Each of the provisions of the Sales Agreement not related solely to the Agent, as agent of the Company, is incorporated herein by reference in its entirety, and shall be deemed to be part of this Terms Agreement to the same extent as if each such provision had been set forth in full herein. Each of the representations and warranties set forth in the Sales Agreement shall be deemed to have been made at and as of the date of this Terms Agreement [and] [,] the Applicable Time [and any Date of Delivery].

If the foregoing is in accordance with your understanding of our agreement, please sign and return to the Company a counterpart hereof, whereupon this instrument, along with all counterparts, will become a binding agreement between the Underwriter[s], the Company and the Operating Partnership in accordance with its terms.

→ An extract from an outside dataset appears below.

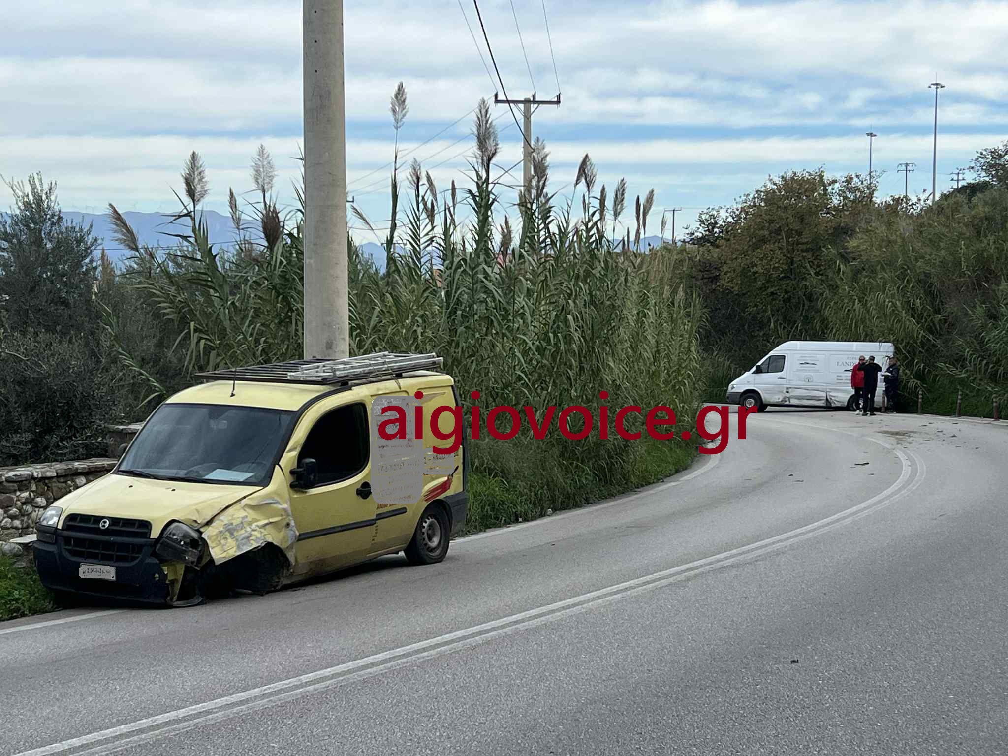 Η σύγκρουση συνέβη πάνω στην παλιά εθνική οδό πριν το Δρέπανο, σε μια απότομη στροφή, ανάμεσα σε ένα βανάκι και ένα ημιφορτηγό.

THIS TERMS AGREEMENT AND ANY CLAIM, CONTROVERSY OR DISPUTE ARISING UNDER OR RELATED TO THIS TERMS AGREEMENT SHALL BE GOVERNED BY, AND CONSTRUED IN ACCORDANCE WITH, THE LAWS OF THE STATE OF NEW YORK WITHOUT REGARD TO ITS CHOICE OF LAW PROVISIONS.

 

Very truly yours,
TANGER FACTORY OUTLET CENTERS, INC.
By:  

 

  Name:
  Title:
TANGER PROPERTIES LIMITED PARTNERSHIP
By:   Tanger GP Trust, its General Partner
By:  

 

  Name:
  Title:

 

Accepted as of the date hereof:
[Underwriter[s]]
By:  

 

  Name:
  Title:

 

*

Include only if the Underwriter[s][has][have] an option to purchase additional Common Shares from the Company.